Хэйден Флинт вновь подумал о невероятном богатстве на борту «Удачи». Обычно трюмы судов Флинта заполнялись индийской селитрой, плитками сырого малайского опиума из Пенанга и продукцией китайских мотальщиков шёлка – товарами не только дающими большой доход, но и связанными с определённой степенью нелегальности. Торговый дом Флинта существовал за счёт обычной торговли, но расширяться он мог, лишь внедряясь в монополию, принадлежавшую почтенной Ост-Индской компании, вторгаясь на её прибыльные и ревностно охраняемые рынки. Нынешнее же плавание было совсем иным. В трюмах и теперь был кардамон и сиамский гуммигут, специи и красители, а также другие товары среднего качества, некоторые из которых относились к контрабанде, перевозимой с острова Цейлон на север, в порт Мадрас на восточном побережье Индостана. Но в этот раз на борту был также самый ценный предмет из когда-либо принадлежавших этому райскому острову, сокровище столь богатое и редкое, что оно способно было принести мир туда, где война казалась неизбежной: тайный дар, предназначенный для правителя Карнатики, во владения которого входит Мадрас.

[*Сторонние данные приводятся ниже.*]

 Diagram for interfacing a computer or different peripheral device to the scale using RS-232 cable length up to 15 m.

Мысль приобрести с помощью этого подарка благоволение и поддержку набоба, господина Карнатики, пришла на ум его отцу, Стрэтфорду Флинту. Стрэтфорд высказал это предложение на Мадрасском совете Ост-Индской компании, перед губернатором Мадраса Морсе:
– Если наш подарок окажется достаточно богатым, мы сможем убедить Анвара уд-Дина издать декларацию, запрещающую французам распространять свои проклятые войны на Мадрас. Лишь под защитой набоба возможен нейтралитет Коромандельского побережья, и я знаю одну вещь, которую жаждет заполучить Анвар уд-Дин Мухаммед, это – Око Нага[12]12
Змеиный Глаз (нага – змея) (инд.).
[Закрыть], рубин, находящийся в Тринкомали, большой камень Магока из Бирмы, самый превосходный рубин голубиной крови.

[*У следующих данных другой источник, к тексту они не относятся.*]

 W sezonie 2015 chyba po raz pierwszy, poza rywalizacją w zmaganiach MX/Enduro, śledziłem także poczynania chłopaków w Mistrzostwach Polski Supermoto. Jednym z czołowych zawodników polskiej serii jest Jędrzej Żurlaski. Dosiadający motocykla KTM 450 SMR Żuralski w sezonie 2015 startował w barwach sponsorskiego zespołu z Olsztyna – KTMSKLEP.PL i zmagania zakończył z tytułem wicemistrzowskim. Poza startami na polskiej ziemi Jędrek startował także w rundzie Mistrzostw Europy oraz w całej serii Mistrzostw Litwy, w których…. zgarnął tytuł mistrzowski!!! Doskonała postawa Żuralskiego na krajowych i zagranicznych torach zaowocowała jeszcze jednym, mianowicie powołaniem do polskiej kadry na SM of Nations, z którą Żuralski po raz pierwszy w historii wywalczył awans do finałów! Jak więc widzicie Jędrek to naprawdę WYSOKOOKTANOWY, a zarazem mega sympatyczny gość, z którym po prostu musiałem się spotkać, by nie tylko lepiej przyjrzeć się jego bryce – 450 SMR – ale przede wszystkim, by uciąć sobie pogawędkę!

– Рубин? – улыбнулся Морсе. – И сколько же он стоит?
– Пятьдесят лакхов.
Лакх – это сто тысяч рупий. За фунт стерлингов дают двадцать рупий. Ужас на лице Морсе сменился гневом:
– Немыслимо! Четверть миллиона фунтов стерлингов? Компании не по силам и половина стоимости такого подарка!
– Ладно. Пусть компания заплатит половину; остальное, с Божьей помощью, заплачу я! Ненавижу мерзавцев французов. Да и к тому же торговому дому Флинтов мир нужен не меньше, чем компании. – Стрэтфорд сделал паузу перед решающим ударом. – Но мне нужны права на торговлю для Флинтов и Сэвэджей после окончания войны. Вы должны использовать ваше влияние для предоставления моим судам возможности торговать и на Западе.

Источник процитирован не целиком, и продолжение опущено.